Boycott for services
Jodi Hocking, executive director of prisoner advocacy group Return Strong!, said there have been numerous issues with communication services including that free phone calls offered once a day are limited to three minutes, classes through the tablets do not count for higher education credit, blocks on calls with people who use AT&T as their phone carrier and there can’t be grievances filed via the tablets. The tablets themselves, she added, are “junk.” Headphones given with the tablets break constantly and some units are missing chargers, she said.
The proverbial straw that broke the camel’s back, Hocking said, was blurring out everything but a person’s face during a video call.
“That’s not a video visit,” she noted, pointing out that not allowing people to have full interactions with their kids or loved ones affects not only those who are incarcerated but also their loved ones.
She’s helping launch a weekly communications blackout starting March 4 as a way to protest current offerings.
“If some of these problems start getting resolved, people — either ViaPath, NDOC, the state, the finance committee — whoever comes to the table and wants to have discussions about what is really going on and what is really happening to all of us, then great,” she said. “Then we can hopefully move forward. If not, we will continue to escalate.”
Charmaine Simmons, who lives in Texas, said she loves video visits because it’s difficult to find the time and money to visit her son, who has been incarcerated in Nevada for 19 years.
Through video call, Simmons has been able to show her son her home and even take him to football games alongside her. Though the ways to stay in touch increased with the introduction of tablets, Simmons said that the background-blurring has radically changed the experience.
She added that at 20 cents to send a picture and 60 cents to send a video, only to have it be redacted without explanation or a refund, is also frustrating.
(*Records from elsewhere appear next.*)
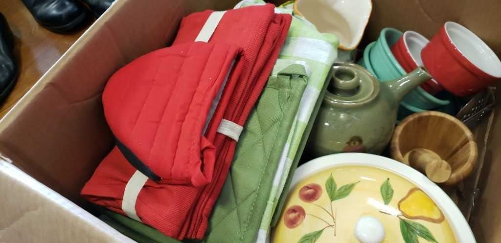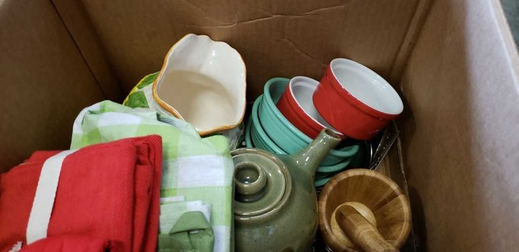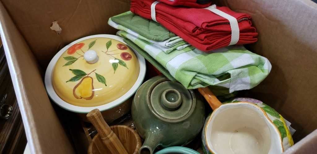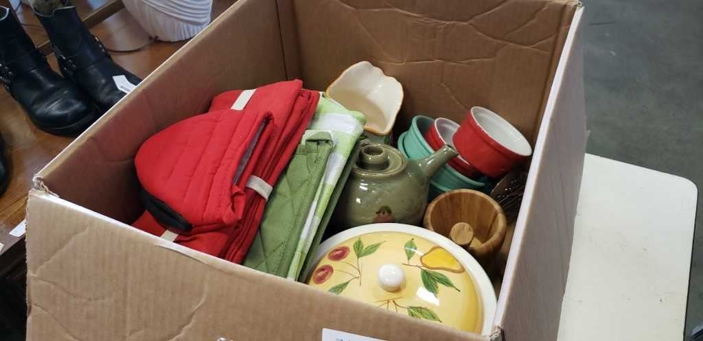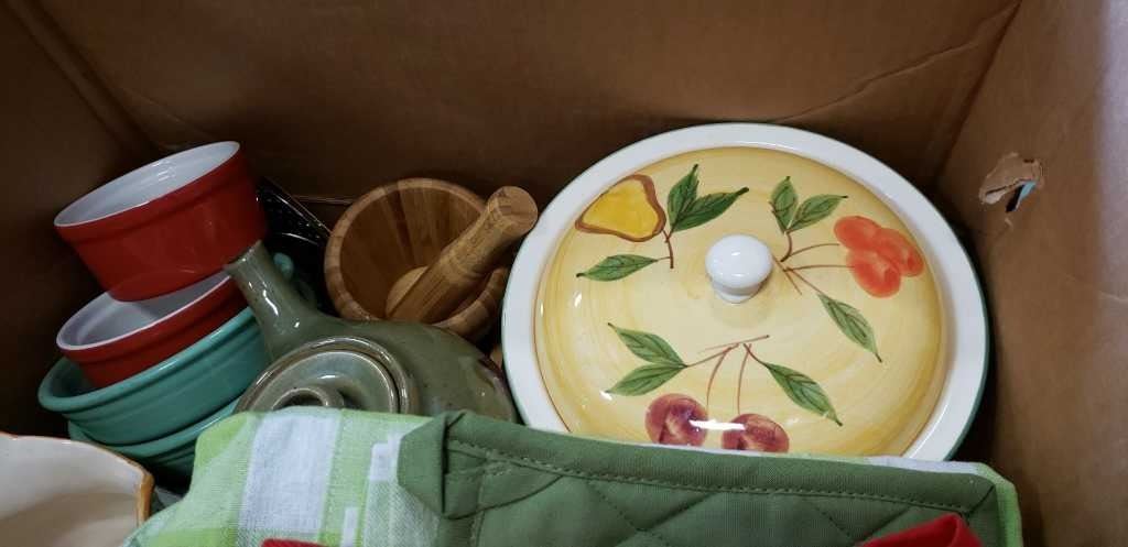 BOX OF KITCHEN ITEMS, WOOD HANDLED UTENSILS, CERAMICS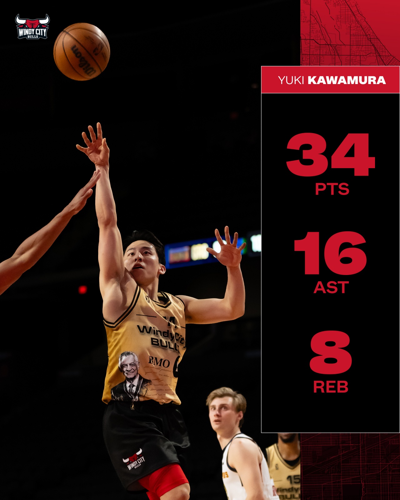 此役,河村勇辉代表风城公牛首发登场出战40分钟,24投12中,三分6中3,4罚4中,砍下个人生涯新高的34分16助攻,外加8个篮板(赛季新高)。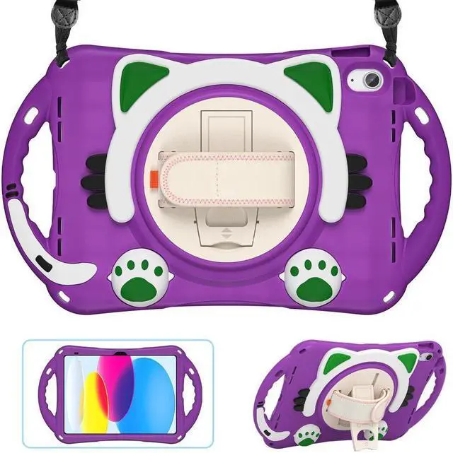 Cute Cats Kids Silicone Case for iPad (A16) 11th generation 11 inch 2025 (Model: A3354, A3355, A3356) and iPad 10th Generation 10.9 inch 2022 ( model: A2757, A2777, A2696). Cases allows easy access to all features (Cameras, Speaker, Ports and Buttons)
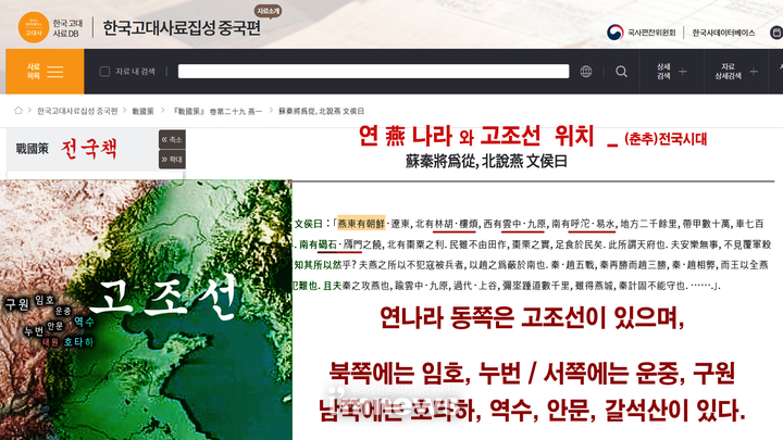 춘추전국 시대 <전국책>에는 산서성의 연(燕)나라의 우측에 고조선이 존재하는데,

“We’re already paying a price,” she said. “Some guys don’t even be on the tablets like that anymore because they’re charging too much just to browse to find something that they want to see. And it’s just ridiculous.”
Robert Jackson, who is incarcerated at the Southern Desert Correctional Center, added that the costs can be crippling — with one of his friends spending $165 on phone calls in a month alone — and force those in correctional facilities to choose between buying food and toiletries at the canteen and talking to their family or loved ones.
Other prison systems, Jackson noted, have more consumer-friendly practices.
State lawmakers in Virginia, which is subject to the same master agreement with ViaPath as Nevada, passed a bill forcing contractors to offer the lowest possible rates for phone and video calls. Though the bill did not cover entertainment, a finalized contract sets rates much lower than those in Nevada and offers many subscription types and bulk-minute purchasing.
There are rehabilitative and behavioral benefits to the tablets, Jackson said. There’s a meditation app that allows people to meditate, but while other systems make these types of apps free, Nevada doesn’t have that.
“It just seems like a double standard,” Jackson said. “You think that if a contract exists, that contract has to be abided by and when it's not … you wonder, where's the oversight.”